I am doing a study on the fall of Satan. What we often hear is that Satan's sin was pride, and probably not the only one. What are some verses that describes Satan's sins and reasons for his fall?

I personally side with Calvin, Gill and Matthew Henry on the opinion that Ezekiel 28 and Isaiah 14 does not refer to Satan. 

Any thoughts?


----------



## Bill The Baptist (Feb 28, 2013)

Here are two, murder and lying.

"You are of your father the devil, and the desires of your father you want to do. He was a murderer from the beginning, and does not stand in the truth, because there is no truth in him. When he speaks a lie, he speaks from his own resources, for he is a liar and the father of it." -John 6:44


----------



## Peairtach (Feb 28, 2013)

> He was a murderer from the beginning



He withdrew his love from God, his Father.
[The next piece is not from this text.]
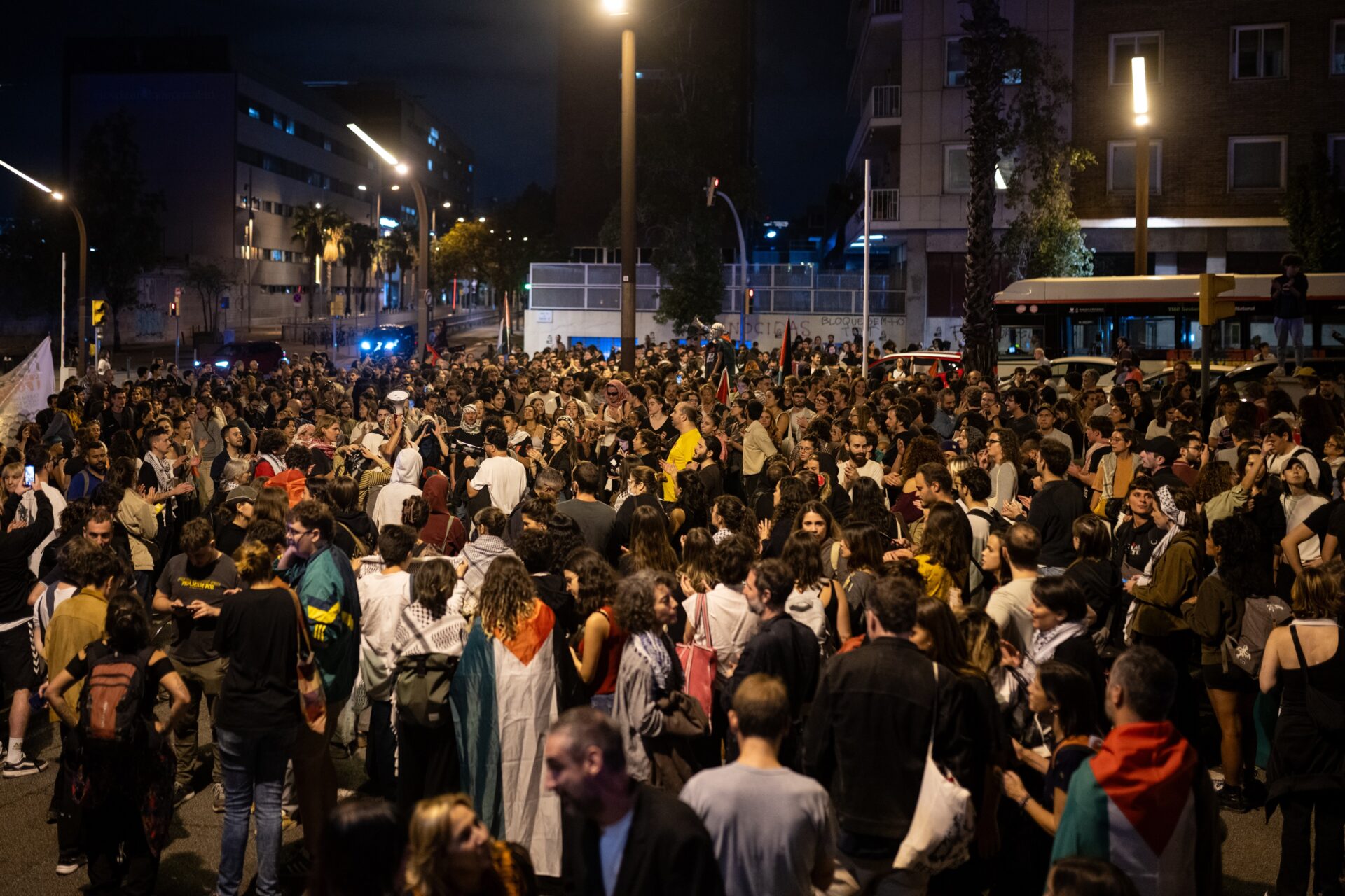 Los manifestantes que han acudido a la protesta mantienen cortada en ambos sentidos del tráfico la Ronda del Mig de Barcelona sobre las 22 horas, horas mientras ondean banderas de Palestina y muestran pancartas de apoyo a la Flotilla.

There was a time when Satan loved God.

If the essence of obedience is love to God, as in the Great Commandment, the essence of all sin is enmity towards God.


----------



## Jake (Feb 28, 2013)

I believe the idea about Satan's sin being pride came from the first book of Paradise Lost by Milton, including also the ideas about Satan falling from heaven.


----------



## Don Kistler (Feb 28, 2013)

Was it not all the "I wills" listed in Scripture?

"I will..."

"I will..."

and finally, "I will be like the most High God."


----------



## charispistis (Feb 28, 2013)

Jake said:


> I believe the idea about Satan's sin being pride came from the first book of Paradise Lost by Milton, including also the ideas about Satan falling from heaven.
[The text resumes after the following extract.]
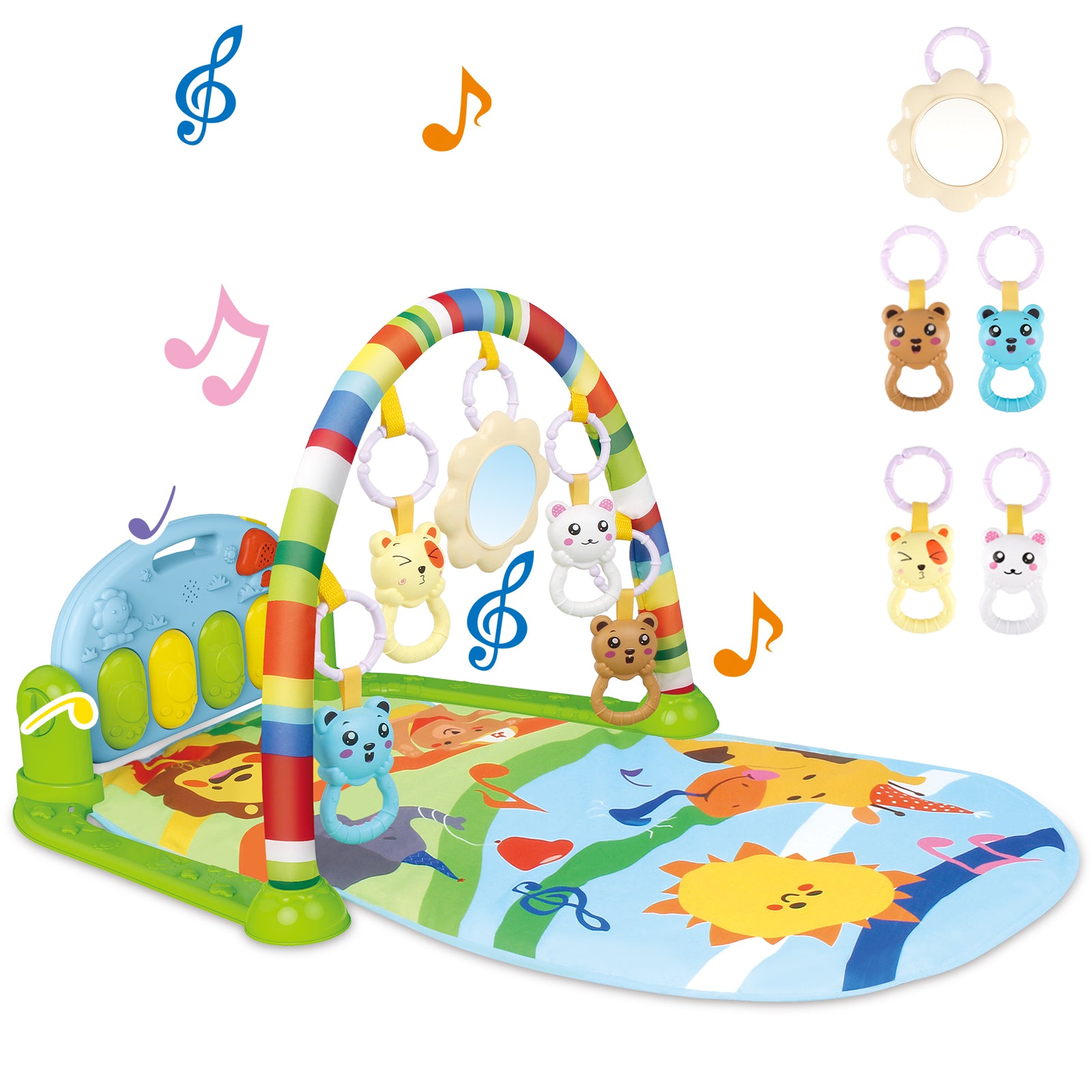 - ¡¾Promote Early Development¡¿Baby floor gym mat has 4 hanging animals and 1 hanging mirror which can stimulate colour recognition. A great way to help develop baby senses which will help to develop your child hand-to ¨Ceye coordination. Place the piano at the end of the playing mat allowing your child to kick the buttons making light and sounds.

Yes but look at 1 Timothy 3:6:
"Not a novice, *lest being lifted up with pride he fall into the condemnation of the devil*."


----------



## A Tulip Not a Daisy (Feb 28, 2013)

Rebellion.

Revelation 12:4 
And his tail drew the third part of the stars of heaven, and did cast them to the earth: and the dragon stood before the woman which was ready to be delivered, for to devour her child as soon as it was born.


----------



## Don Kistler (Feb 28, 2013)

It seems that the original sin of Satan was the same as the original sin of Eve (and Adam), that of discontent. Satan was not content with what God had given him and wanted in the end to be equal with God. Eve and Adam were not content with paradise, they wanted to be on the same level as God, "knowing good and evil." 

Pride is there, yes, in the sense that we think we deserve more than God wants to give us. But discontent seems to be behind the pride.


----------